FDA seeks comment on SNI developments
The US Food and Drug Administration (FDA) is seeking comment from pharmaceutical manufacturers and other interested stakeholders on draft guidance relating to the provisions set out in Section 505D of the Federal Food, Drug, and Cosmetic Act regarding the development of standardised numerical identifiers (SNIs) for prescription drug packages.
The US Food and Drug Administration (FDA) is seeking comment from pharmaceutical manufacturers and other interested stakeholders on draft guidance relating to the provisions set out in Section 505D of the Federal Food, Drug, and Cosmetic Act regarding the development of standardised numerical identifiers (SNIs) for prescription drug packages.
The FDA has already asked for public comment on specific questions related to the development of an SNI and received 59 comments from a range of stakeholders and the guidance is based on these comments.

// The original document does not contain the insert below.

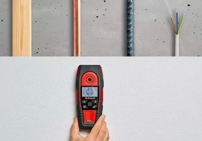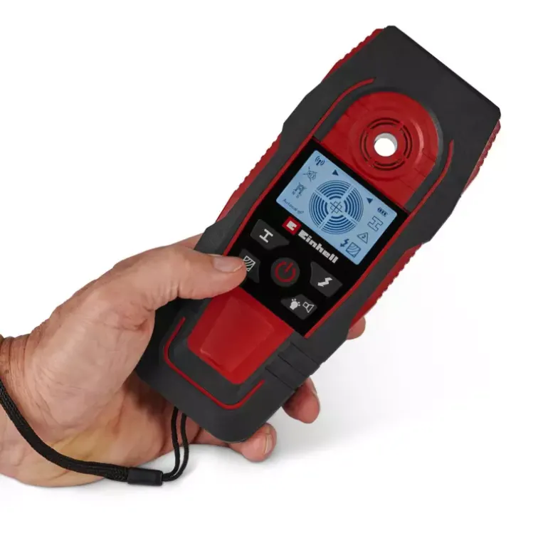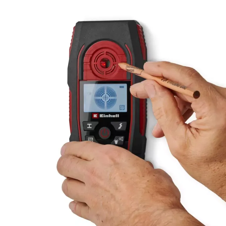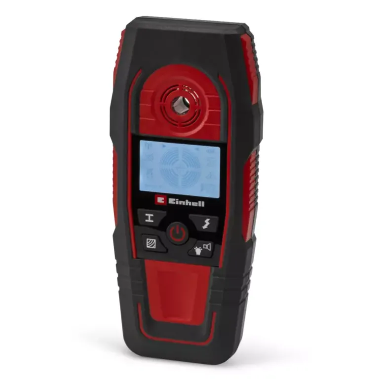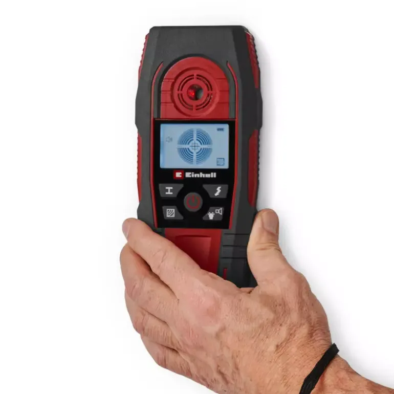 The Einhell Digital Detector TE-MD 80 is an indispensable aid for every DIY enthusiast and professional tradesperson. Before drilling into a wall, the detector allows precise checking of whether the selected spot is safe to drill. The digital detector indicates the position of metals, wood, and live electrical cables within the wall. Ferrous metals such as steel can be detected up to a depth of 80 mm, live cables up to 60 mm, non-ferrous metals such as copper up to 38 mm, and wood up to 24 mm. The detection results are clearly signalled by an acoustic warning, the easy-to-read LCD display, and the light ring. When the ring around the centring opening lights up green, no obstacle has been found. The desired drilling spot can then be marked through the marking opening. If the ring turns orange, the detector is approaching an object, and it lights up red when the centring opening is placed directly above the detected object, such as a metal beam. The operating mode can be selected quickly and intuitively via the integrated buttons. Handling the device is particularly easy thanks to the automatic calibration. A protective slider on the back of the housing ensures protection for the wall during use. The compact design with soft grip surfaces and the included wrist strap enable comfortable one-handed operation. If the digital detector TE-MD 80 is put aside, it switches off automatically after one minute of inactivity to conserve the battery. The device requires one 9 V battery for operation (not included).

The FDA says the SNI for most prescription drug packages should be a serialised National Drug Code (sNDC). For prescription drugs, such as blood and blood components, that do not use NDC numbers, the FDA is considering the use of ISBT 128 or Codabar as the SNI.

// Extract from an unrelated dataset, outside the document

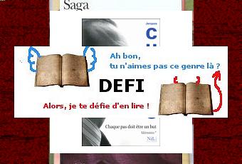 Le but est simple, confesser aux autres membres 2 genres littéraires que nous n'avons pas l'habitude de lire, soit parceque nous n'aimons pas ou sur lequel nous sommes réticents. Un membre vous défie donc de lire un livre dans chaque catégorie et se voit à son tour défier par un autre membre, etc. A l'heure qu'il est, nous sommes déjà plus de 25 participants et avons un zoli logo réalisé par (Bravo !)

The FDA chose the sNDC because "it serves the needs of the drug supply chain as a means of identifying individual prescription drug packages". That identification can in turn facilitate authentication and tracking and tracing of prescription drugs.
Because the sNDC incorporates an 8-digit numerical serial number with the NDC, it should provide "appropriate robustness to support billions of units of marketed products without duplication of an SNI".
At this time, the FDA is not specifying a particular means of incorporating the SNI onto the package, or its positioning on the package.